Les grands modernistes sont Donald Judd, Frank Stella, Elsworth Kelly ou, en France,
Daniel Buren et Olivier Mosset. Mais à certains égards, Steven Parrino en est un
également, dont tout le vocabulaire pictural est redevable du modernisme : grands
monochromes noirs, travail sur la toile proche de celui du groupe Support/Surface. Sinon
que Steven Parrino est aussi le témoin de la crise du modernisme, c’est-à-dire de
l’impossibilité qu’auront très vite rencontrée les artistes proche de Greenberg d’aller audelà d’une sorte de mutisme formaliste progressivement privé de tout contenu sensible,
politique ou même esthétique. Précisément, Steven Parrino est contemporain d’un
sentiment d’épuisement de l’art, parvenu à son essence, mais pour y disparaître, pour
reprendre les mots d’un autre moderniste, mais en littérature, Maurice Blanchot.
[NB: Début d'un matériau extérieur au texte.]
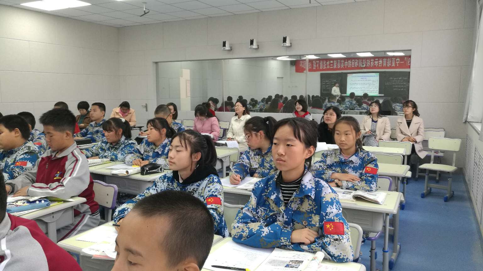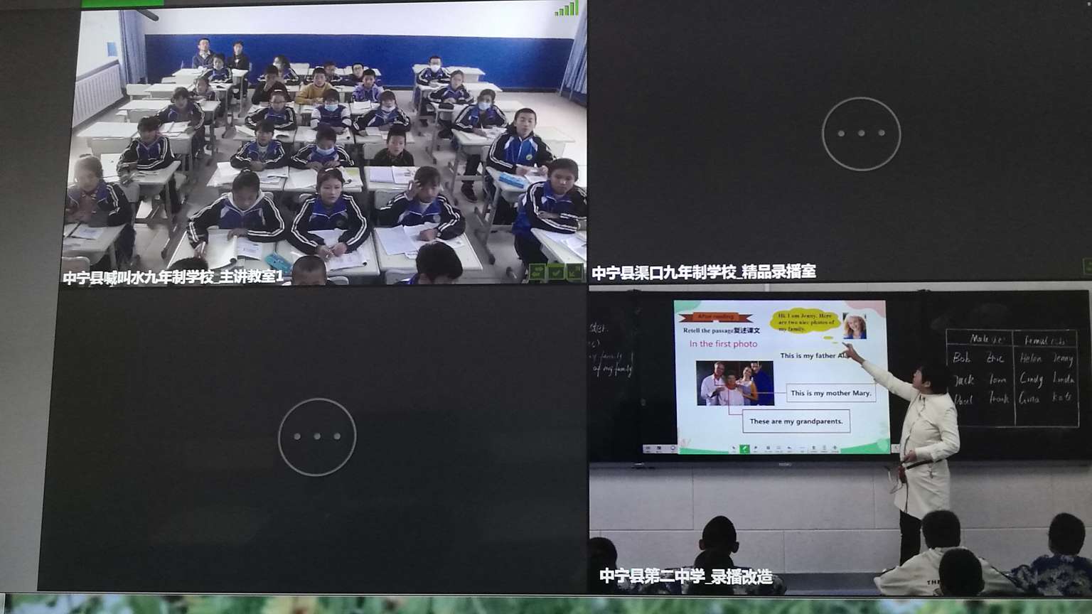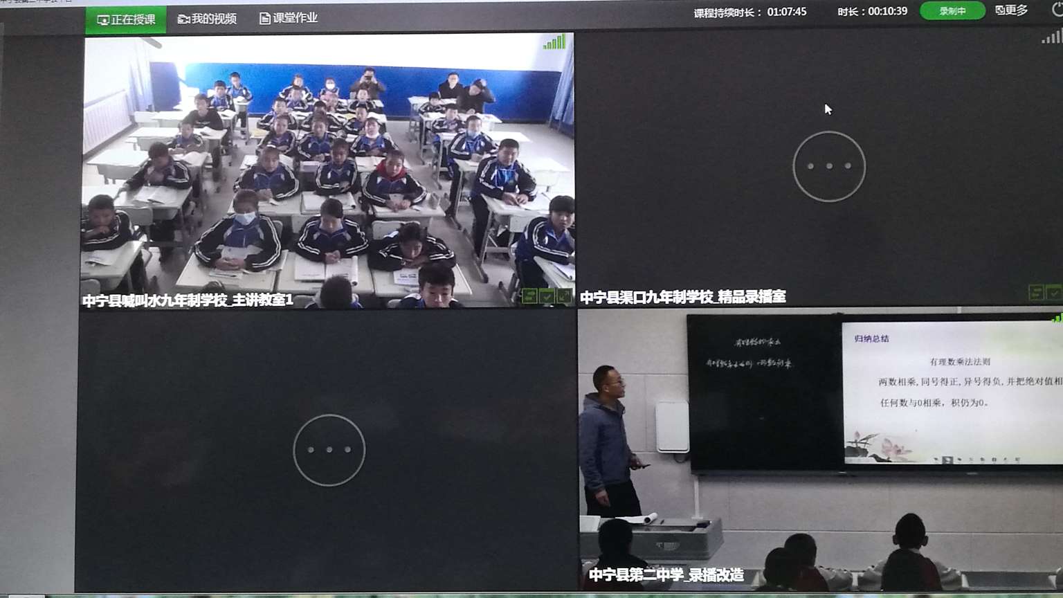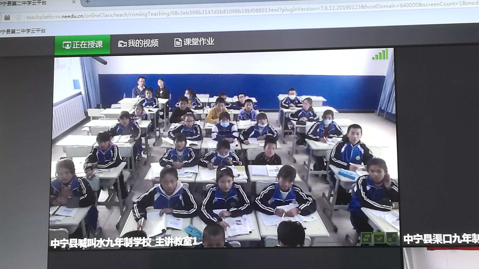 本次活动中宁二中共安排四名学科教师进行在线直播课堂教学,喊叫水九年制学校和舟塔九年制学校同时参与。
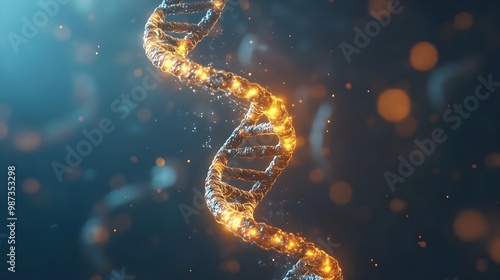 Glowing DNA strand with sparkling effects

Il est le
contemporain de la fin de l’art, de la mort de la peinture, qu’il va tenter de surmonter en s’y
enfonçant encore davantage.
L’œuvre de Steven Parrino peut se comprendre comme un essai pour continuer de faire
de l’art avec le rien légué par l’histoire de l’art. C’est ainsi qu’il troue ses monochromes ou
qu’il leur fait subir toutes sortes de violences. Paradoxalement, ce geste de destruction ou
de profanation restitue aux œuvres inexpressives du modernisme une forme de vie, de
pathétique. Planes et froides, elles deviennent plissées comme une peau, maltraitées
comme un corps souffrant. On croit les entendre gémir. De sorte que Steven Parrino peut
aussi bien apparaître comme le dernier moderniste que comme le premier maniériste du
vingtième siècle, son art tout en pli évoquant les dépositions du Christ d’un Zurbaran ou
d’un Gréco.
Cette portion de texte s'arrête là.